Of course, this isn’t a real jellyfish, but for extra credit you can read Ferris Jabr’s take on what it would actually take to build one.

Byte-size Bio: The other big news this week comes from Stanford and the J. Craig Venter Institute (gracing the cover of Cell this week, above right). Not content with making the world’s first synthetic organism and synthetic genome (Venter’s ambition knows no bounds), they decided to build a computer model of an entire bacterium. Well, mostly.

They modeled, on a very general scale, the tiny bacterium Mycoplasma genitalium, which only has 525 genes compared to our ~20,000, and all of its internal processes on 128 computers operating for 10 hours. To complete a single cell division, it required half a gigabyte of data. But you have to be careful before you call this a completely “simulated organism”. Normal cells have many, perhaps hundreds, of just different types of genes, and they interact in myriad ways … we have just begun to scratch the surface of those networks. Just look at how complicated even the tiny changes in a cancer cell can be!

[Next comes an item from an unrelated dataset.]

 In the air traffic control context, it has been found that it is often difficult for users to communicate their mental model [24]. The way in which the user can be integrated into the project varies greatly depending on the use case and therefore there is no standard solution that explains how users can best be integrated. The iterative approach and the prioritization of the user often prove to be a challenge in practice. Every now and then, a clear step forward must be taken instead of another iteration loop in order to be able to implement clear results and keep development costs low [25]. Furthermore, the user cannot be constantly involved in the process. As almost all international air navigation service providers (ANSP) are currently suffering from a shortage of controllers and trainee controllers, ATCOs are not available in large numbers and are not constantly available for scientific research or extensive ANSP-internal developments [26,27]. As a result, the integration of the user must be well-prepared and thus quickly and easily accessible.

By simplifying their model down to 28 minimal systems, their computer program matched the bacterium’s biology as we know it. But a more “realistic” model is going to be exponentially more complicated. Here’s some collected reactions at Tree of Life. But, still … wow!

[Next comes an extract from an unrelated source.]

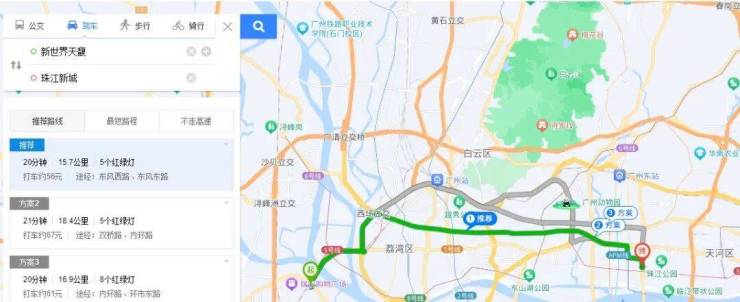 自驾去珠江新城:芳村大道转双桥路,再接内环到东风路,全长15.7公里,不堵车耗时20分钟左右。

Modern biology has done a very good job at describing the function of individual genes and proteins, but our next chapter lies in how these interactions build into systems. The “-omics” era will be one where we map how the thousands of parts that we are made of combine to make us whole.Simulations like this will be at the leading edge of that era. But we have a long way to go … how many computers would it take to model the trillions of cells in the human body?